Conclusion: SGLT2i ameliorated lipid accumulation and mitochondrial damage in the myocardium of diabetic rats. The metabolomic and proteomic data revealed the potential targets and signaling pathways associated with the cardiovascular benefit of SGLT2i, which provides a valuable resource for the mechanism of SGLT2i.
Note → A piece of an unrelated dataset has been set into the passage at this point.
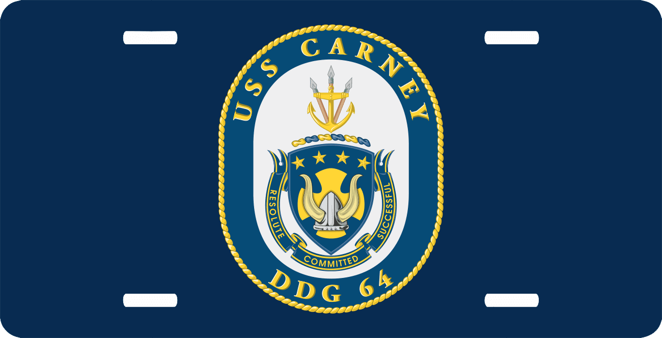 This Navy USS Carney DDG-64 License Plate is made from heavy gauge aluminum and has a baked enamel finish to last for many years of use. Each plate measures 5 15/16" x 11 15/16". This license plate would make a wonderful addition to your collection or a great gift.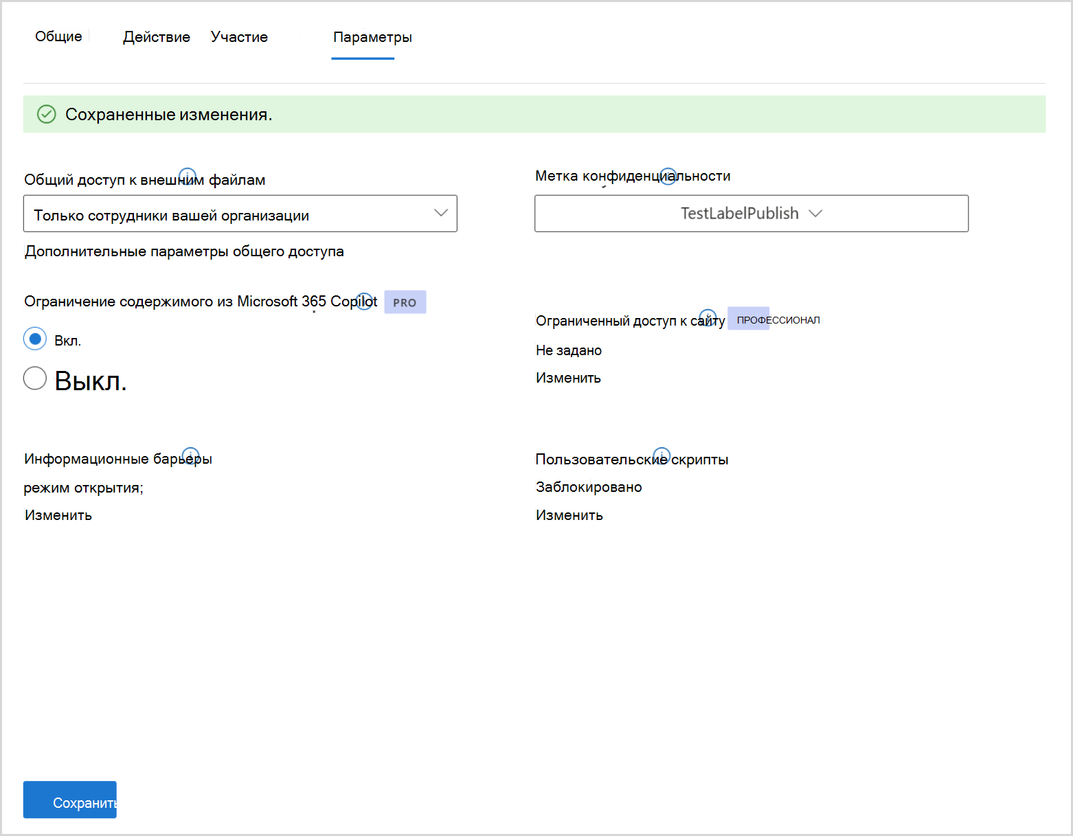 - На вкладке Параметры включите или выключите переключатель в разделе Ограничение содержимого из Microsoft 365 Copilot.

Keywords: SGLT2 inhibitors; diabetic cardiomyopathy; mechanisms; metabolomics; proteomics.

FIGURE 1

The study design and phenotypic characteristics of the rats after STZ intraperitoneal injection. (A) Schematic of the study design. (B,C) The body weight (B) and blood glucose (C) of rats in the control, high glucose (HG), and empagliflozin (EMPA) group. (a) comparison is significant for Control vs. HG, (b) comparisons are significant for HG vs. EMPA, and (c) is significant for Control vs. EMPA. (D) Transmission electron microscopy was observed on the rat heart of the three groups. 5,000x (upper part); 20,000x (lower part). (E) Representative photomicrograph of H and E staining (upper part) and Masson’s staining (lower part) of the myocardium, 200x (insert 400x).

FIGURE 2

In three groups, echocardiographic measurements of the rats at 18 weeks and 30 weeks after STZ injection. (A) Representative M-mode tracings of rats in three groups (n = 6 for the control group, n = 10 for the high glucose (HG) group, and n = 8 for the empagliflozin (EMPA) group). (B) Plots of echocardiographic measurement results for left ventricle internal dimension at end-diastole/systole (LVID;d/s), left ventricle posterior wall thickness at end-diastole (LVPW’d), and ejection fraction (EF) percentage, upper part for 18 weeks, the lower part for 30 weeks. *p < 0.05, ^**p < 0.01.

FIGURE 3

The protein expression changes in the myocardium. (A) Volcano plots of protein expression changes. Cut-off value: p < 0.05, fold change (FC) ≥ 1.5 (upregulation) or ≤ 0.67 (downregulation), the red and green point represents the upregulated and downregulated proteins, respectively. (B) C-means cluster diagram of differential proteins. The proteins are classified into 6 clusters according to their expression levels in each group, and the horizontal coordinate is the group, the vertical coordinate is the protein expression level (correction Z-value), each line represents one protein, larger membership values indicate that the protein is closer to the average level protein of this cluster. (C) Hierarchical clustering analysis of differential in empagliflozin (EMPA) and high glucose (HG) group. (D) GO enrichment of differential proteins in EMPA and HG groups. BP, biological process; CC, cellular component; and MF, molecular function.

FIGURE 4

The differential metabolite of the myocardium. (A,B) Volcano plots of differential metabolite. (A) High glucose (HG) group vs. control group; (B) empagliflozin (EMPA) group vs. HG group. Cut-off value: p < 0.05, fold change (FC) > 1.2 (upregulation) or < 0.67 (downregulation), the red and green point represents the upregulated and downregulated proteins, respectively. (C) Hierarchical clustering analysis of differential metabolite of myocardium in three groups. (D) The correlation diagram of differential metabolites in groups EMPA and HG (top 20). The blue point represents a negative correlation (negative value), and the red represents a positive correlation (positive value). (E) Receiver operating characteristic (ROC) curves of top 5 metabolites [top 5 areas under the curve (AUC)]. The vertical coordinate is the true positive rate (sensitivity), and the horizontal coordinate is the false positive rate (1—specificity).

FIGURE 5

Combined analysis of differential proteins and differential metabolites. (A,B) KEGG enrichment bubble diagram of differential proteins (A) and differential metabolites (B) in groups EMPA and HG. (C) Heat map of correlation between differential protein and differential metabolite expression. The horizontal axis represents proteins, and the vertical axis represents metabolites. (D) Combined analysis of pathway enrichment of differential protein and metabolites. The yellow square represents the pathways shared by differential metabolites and differential proteins, and the circles and triangle represent the differential proteins and differential metabolites involved in the pathway, respectively. Circles represent differential proteins, triangles represent differential metabolites, red is represent up-regulated and green is down-regulated.